» ACTIVITY:
When you copy the material below, keep every line exact and omit the pictures.

[STORED DATA — start]

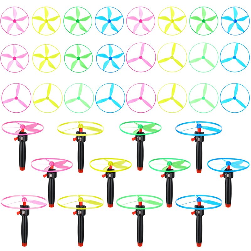 - Package Content: You will get 36 pieces of flying toys, composed of 12 string launchers and 24 flying saucers with 2 sizes (each launcher is equipped with 4 flying saucers colors), simple and interesting to play, enough quantity for you to share with playmates
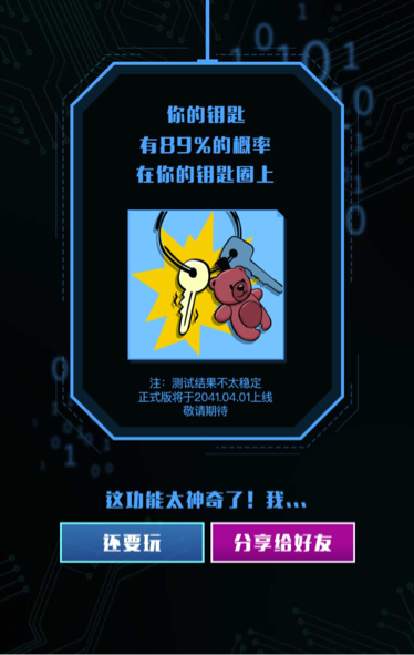 一本正经的界面,严谨科学的寻找过程,似乎钥匙就要凌空出现在面前。
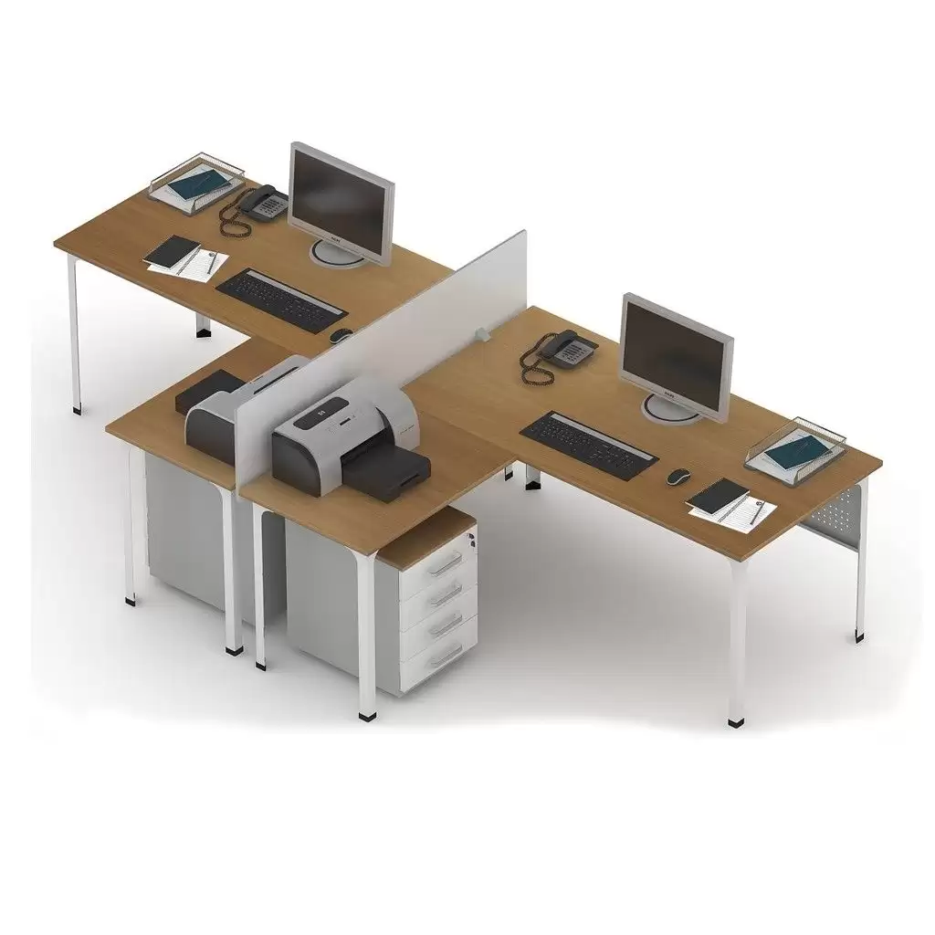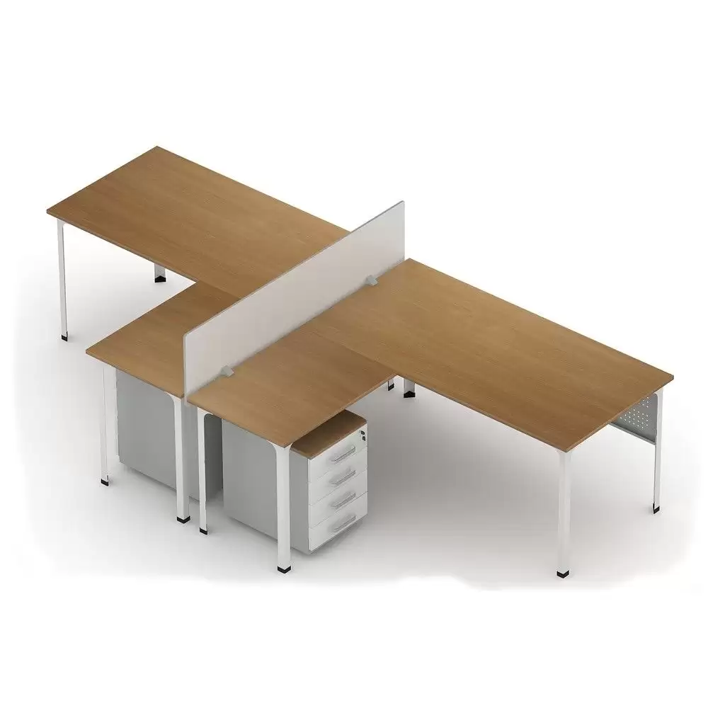 • формируется из 2 столов офисных, 2 столов-приставок и перегородки;
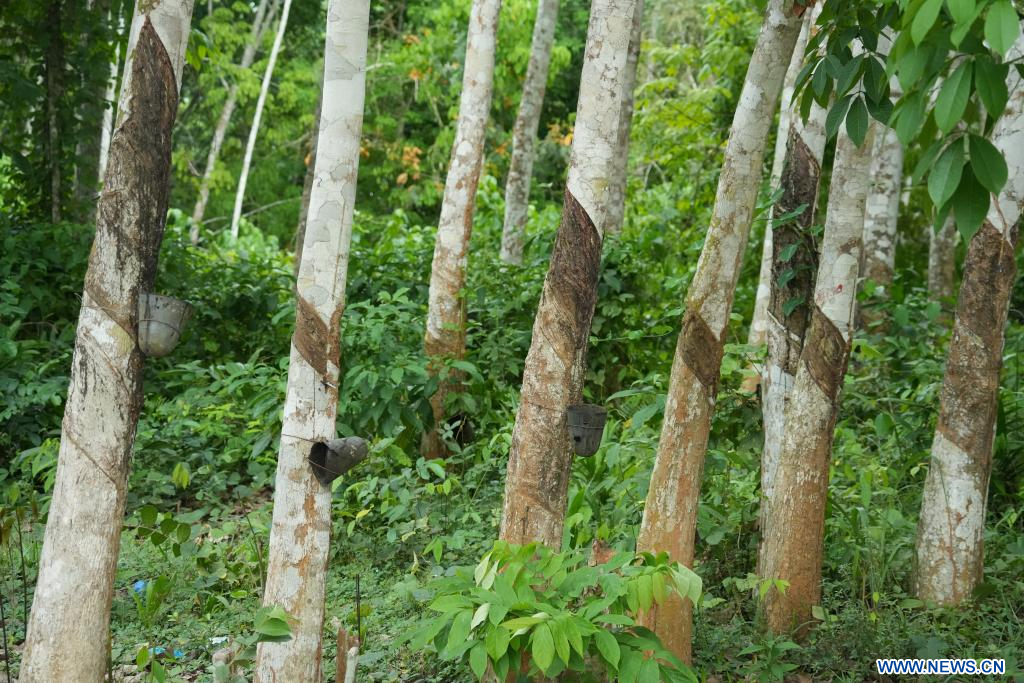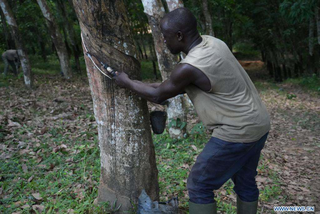 ABIDJAN, 21 avril (Xinhua) -- A l'arrivée de la saison des pluies dans le sud de la Côte d'Ivoire, une fine brume enveloppe au petit matin les plantations d'hévéas. Alignés à perte de vue, les arbres laissent s'écouler lentement un latex blanc, recueilli goutte à goutte par les saigneurs après de fines incisions pratiquées sur les troncs.
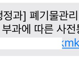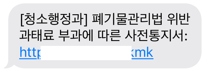 최근 폐기물관리법 위반 과태료 부과에 따른 사전통지서라는 내용의 문자메시지를 받았다며, 시 자원순환과에 문의하는 전화가 증가하고 있다. 그러나 파주시청에는 청소행정과라는 부서가 없으며, 폐기물관리법 위반 과태료가 부과될 경우 문자가 아닌 고지서 우편물을 발송하고 있다.
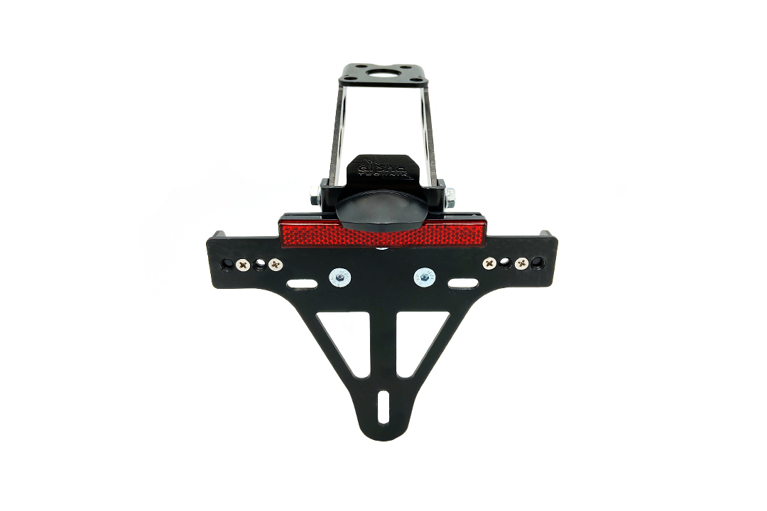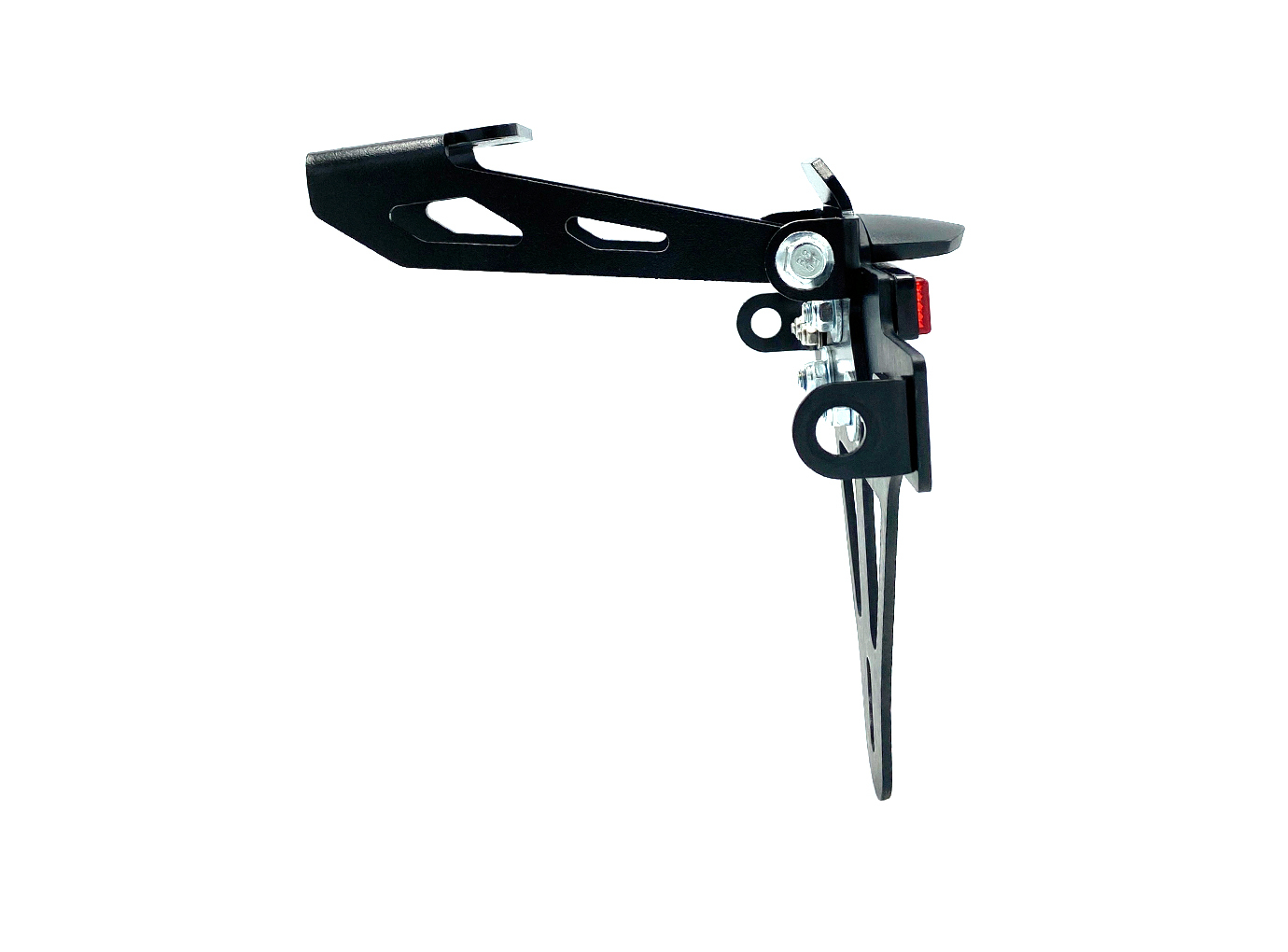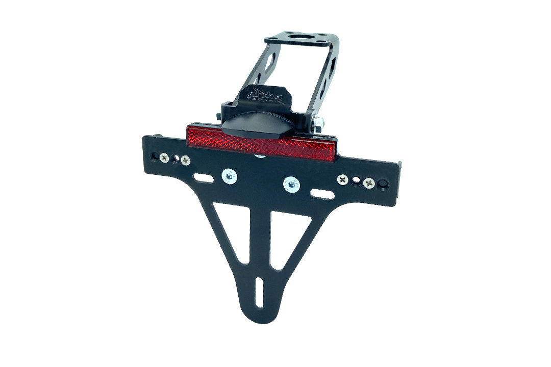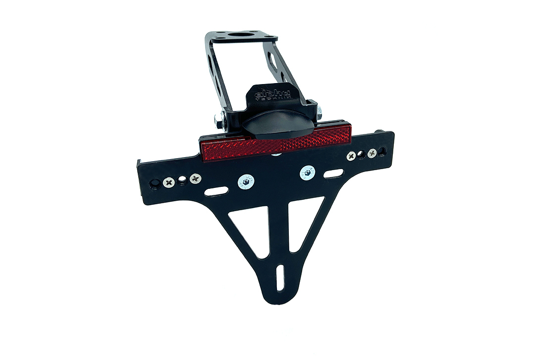 Die Konstruktion überzeugt durch ihr sportliches, kompaktes Design und eine einfache Montage. Dank der stufenlos verstellbaren Neigung können Sie den Winkel individuell anpassen und gleichzeitig die gesetzlichen Vorgaben einhalten. Mit einem integrierten Rückstrahler und einer Kennzeichenbeleuchtung mit E-Prüfzeichen ist der Kennzeichenhalter vollständig straßenzugelassen.

[STORED DATA — finish]

» REPLY TO THE EXERCISE:
 - Package Content: You will get 36 pieces of flying toys, composed of 12 string launchers and 24 flying saucers with 2 sizes (each launcher is equipped with 4 flying saucers colors), simple and interesting to play, enough quantity for you to share with playmates
 一本正经的界面,严谨科学的寻找过程,似乎钥匙就要凌空出现在面前。
 • формируется из 2 столов офисных, 2 столов-приставок и перегородки;
 ABIDJAN, 21 avril (Xinhua) -- A l'arrivée de la saison des pluies dans le sud de la Côte d'Ivoire, une fine brume enveloppe au petit matin les plantations d'hévéas. Alignés à perte de vue, les arbres laissent s'écouler lentement un latex blanc, recueilli goutte à goutte par les saigneurs après de fines incisions pratiquées sur les troncs.
 최근 폐기물관리법 위반 과태료 부과에 따른 사전통지서라는 내용의 문자메시지를 받았다며, 시 자원순환과에 문의하는 전화가 증가하고 있다. 그러나 파주시청에는 청소행정과라는 부서가 없으며, 폐기물관리법 위반 과태료가 부과될 경우 문자가 아닌 고지서 우편물을 발송하고 있다.
 Die Konstruktion überzeugt durch ihr sportliches, kompaktes Design und eine einfache Montage. Dank der stufenlos verstellbaren Neigung können Sie den Winkel individuell anpassen und gleichzeitig die gesetzlichen Vorgaben einhalten. Mit einem integrierten Rückstrahler und einer Kennzeichenbeleuchtung mit E-Prüfzeichen ist der Kennzeichenhalter vollständig straßenzugelassen.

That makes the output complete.